*** Collected data ***

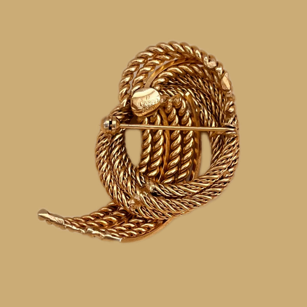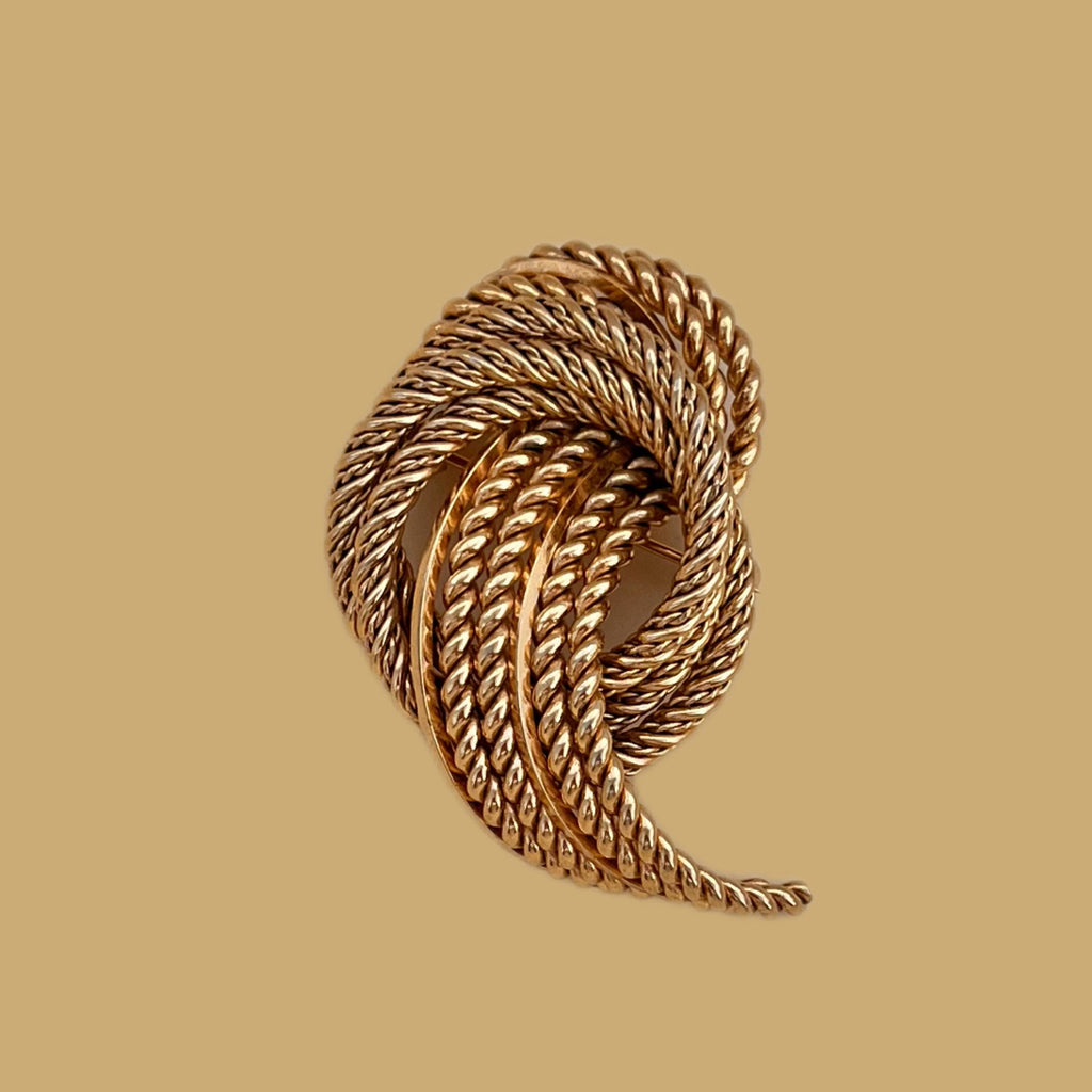 This elegant vintage-style brooch by GROSSE features an abstract, sculptural design. Composed of several twisted metal strands, it evokes braided rope or ears of wheat. In the style of the 60s/70s, it adds sophistication and refinement to any outfit.
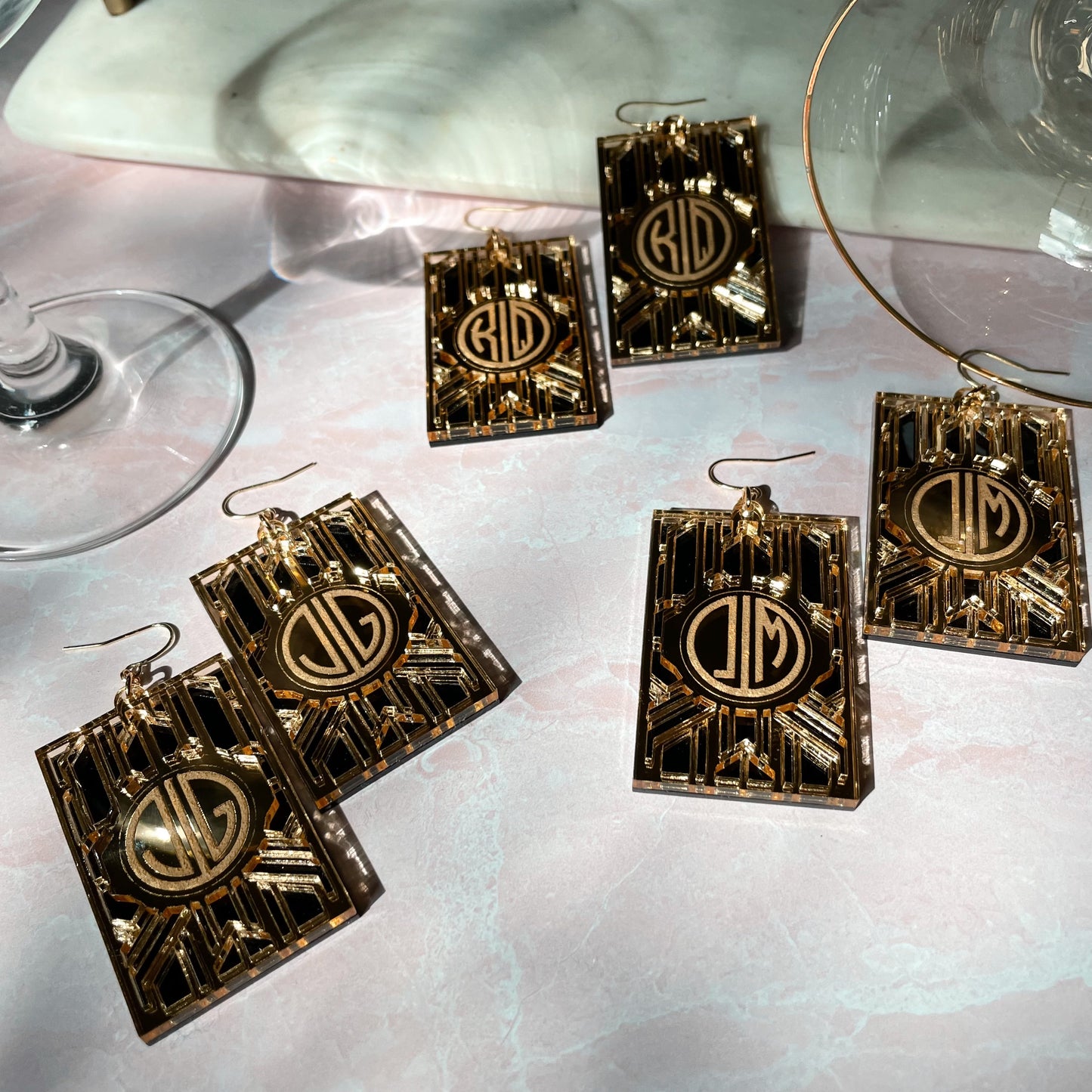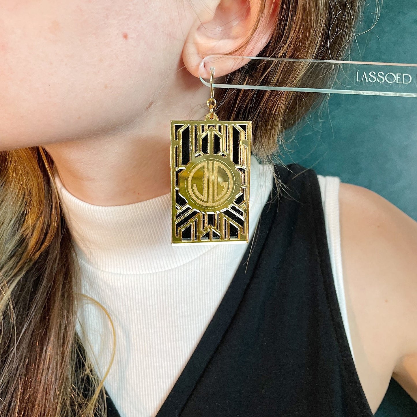 Pay tribute to Jay Gatsby who was "worth the whole damn bunch put together", by wearing these stylish art deco monogrammed earrings. Made with gold mirror acrylic, cut out in a geometric art deco pattern, layered on top of thin black acrylic, and dangling from 14K gold-plated plain ear wires.
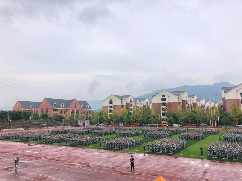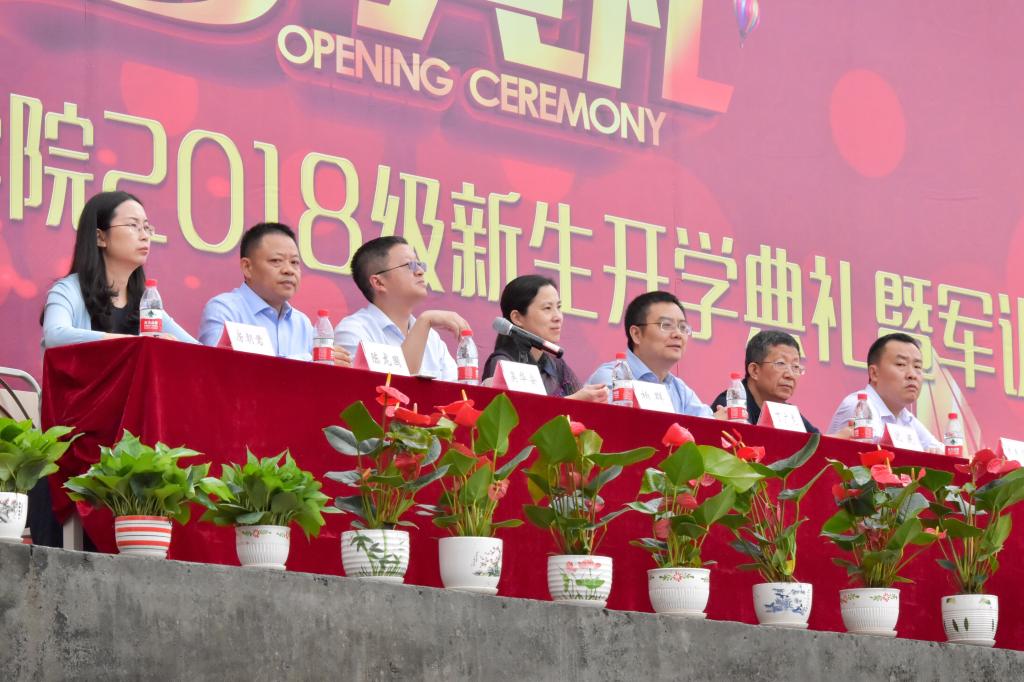 2018年9月8日,重庆工商大学融智学院2018级新生开学典礼暨军训动员大会在操场如期举行。重庆工商大学副校长兼融智学院校长柏群,校党委书记丁广龙,校党委副书记兼军训团政委陈龙国,副校长兼大会主持吴华安,副校长沈民,校长助理房朝君和李春雷,巴南区人武部正营职参谋、军训团团长范伟,军训团参谋长兼总教官刘敏及其他军训教官、2018级全体新生及辅导员,参加了此次开学典礼暨动员大会。

*** End of Collected data ***

Exactly the lines from the one that contains "Pay tribute to" to the last line of the data, both included, should be set down, and no pictures should appear among them.

● Answer box:
 Pay tribute to Jay Gatsby who was "worth the whole damn bunch put together", by wearing these stylish art deco monogrammed earrings. Made with gold mirror acrylic, cut out in a geometric art deco pattern, layered on top of thin black acrylic, and dangling from 14K gold-plated plain ear wires.
 2018年9月8日,重庆工商大学融智学院2018级新生开学典礼暨军训动员大会在操场如期举行。重庆工商大学副校长兼融智学院校长柏群,校党委书记丁广龙,校党委副书记兼军训团政委陈龙国,副校长兼大会主持吴华安,副校长沈民,校长助理房朝君和李春雷,巴南区人武部正营职参谋、军训团团长范伟,军训团参谋长兼总教官刘敏及其他军训教官、2018级全体新生及辅导员,参加了此次开学典礼暨动员大会。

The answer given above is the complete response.